_Problem statement_
When the line with "महिला सबलीकरण या विषयावर पथनाट्य सादर करताना" appears below, start repeating lines exactly, and keep going through the line with "रयत शिक्षण संस्थेचे"; add nothing outside that span.

_Entries supplied_
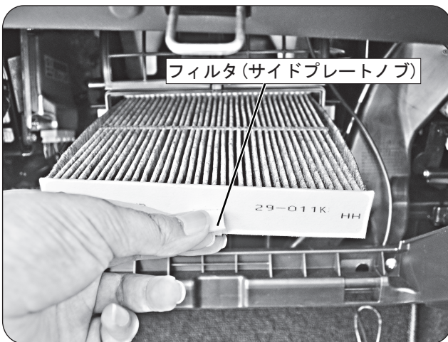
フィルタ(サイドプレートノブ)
--
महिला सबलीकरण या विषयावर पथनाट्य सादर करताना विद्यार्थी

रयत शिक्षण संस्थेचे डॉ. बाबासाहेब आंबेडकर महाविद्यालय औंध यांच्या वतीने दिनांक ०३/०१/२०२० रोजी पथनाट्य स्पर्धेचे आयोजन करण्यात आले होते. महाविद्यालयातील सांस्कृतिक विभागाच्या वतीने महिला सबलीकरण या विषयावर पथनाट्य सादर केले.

_Output for this exercise_
महिला सबलीकरण या विषयावर पथनाट्य सादर करताना विद्यार्थी

रयत शिक्षण संस्थेचे डॉ. बाबासाहेब आंबेडकर महाविद्यालय औंध यांच्या वतीने दिनांक ०३/०१/२०२० रोजी पथनाट्य स्पर्धेचे आयोजन करण्यात आले होते. महाविद्यालयातील सांस्कृतिक विभागाच्या वतीने महिला सबलीकरण या विषयावर पथनाट्य सादर केले.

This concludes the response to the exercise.